October 7: Boyana Martinova (University of Wisconsin)
Title: Asymptotic Syzygies of Weighted Projective Spaces
Abstract: What can we say about the syzygies of a module when computing the minimal free resolution explicitly is too computationally intensive? In 2012, Ein and Lazarsfeld gave a description of the nonvanishing syzygies of Veronese embeddings of projective space (even in cases where the minimal free resolution is unknown): for sufficiently large embedding degree, "almost every" allowable Betti entry is nonzero. Later, Ein, Erman, and Lazarsfeld proved the same nonvanishing result using a surprisingly simple method relying entirely on monomials. In this talk, I will discuss some recent work extending these results to the weighted projective setting via an analogue of the EEL Method, and I will highlight some of the challenges that arise when the coordinate ring is nonstandard graded.
October 14: Michael Brown (local)
Title: Computing Ext for complexes of sheaves on projective varieties
Abstract: I will describe an effective algorithm for computing Ext between bounded complexes of coherent sheaves on a projective variety. This is joint work with Souvik Dey, Guanyu Li, and Mahrud Sayrafi.

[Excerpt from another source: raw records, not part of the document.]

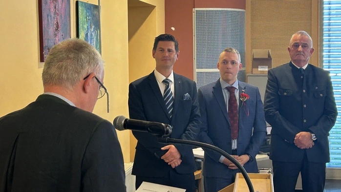 Bezirkshauptmann Bernhard Preiner lobte den neuen Bürgermeister und seine Stellvertreter an: Arno Russ (ÖVP), Christoph Bammer (SPÖ) und Ernst Ebner (FPÖ)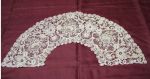 Comments: Duchesse de Bruxelles fan leaf. Good larged double raised petal roses in the needlelace. The bobbinlace doesn’t have any raised work, seems a bit on the Brugges sides. Fairly conventional design. Very good condition, I don’t see any problems. Seller cites a few minor pulls.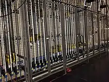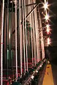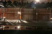 Electrical line sets, commonly called electrics, are used to suspend and control lighting instruments and, in many cases, microphones and special effects equipment as well. Electrics may be temporarily "wired" with drop boxes (electrical boxes with outlets) or multicable fanouts dropped from the grid or draped from a fly gallery, or permanently wired with connector strips (specialized electrical raceways).[2]

October 21: Hal Schenck (local)
Title: The Likelihood Correspondence
Abstract: An arrangement of hypersurfaces in projective space is strict normal crossing (SNC) if and only if its Euler discriminant is nonzero. We study the critical loci of arbitrary Laurent monomials in the equations of the smooth hypersurfaces. The family of these loci forms an irreducible variety in the product of two projective spaces, known in algebraic statistics as the likelihood correspondence and in particle physics as the scattering correspondence. We establish an explicit determinantal representation for the minimal generators of the bihomogeneous prime ideal that defines this variety.
October 28: John Cobb (local)
Title: Solid State Physics and Algebraic Geometry
Abstract: I’ll describe how a version of spectral graph theory serves as a “tight-binding” model describing electron dynamics in crystalline solids, such as those found in nano-materials and topological insulators. This model turns out to be entirely algebraic and allows one to prove facts about the approximate electronic properties of materials using algebraic geometry and, more generally, interact with a larger world of spectral theory and periodic operators. I’ll spend some time developing this dictionary with lots of pictures, and then I’ll describe upcoming joint work with Matthew Faust and Andreas Kretschmer using some ideas from deformation theory to completely determine when a periodic discrete potential can be isospectral to the trivial potential.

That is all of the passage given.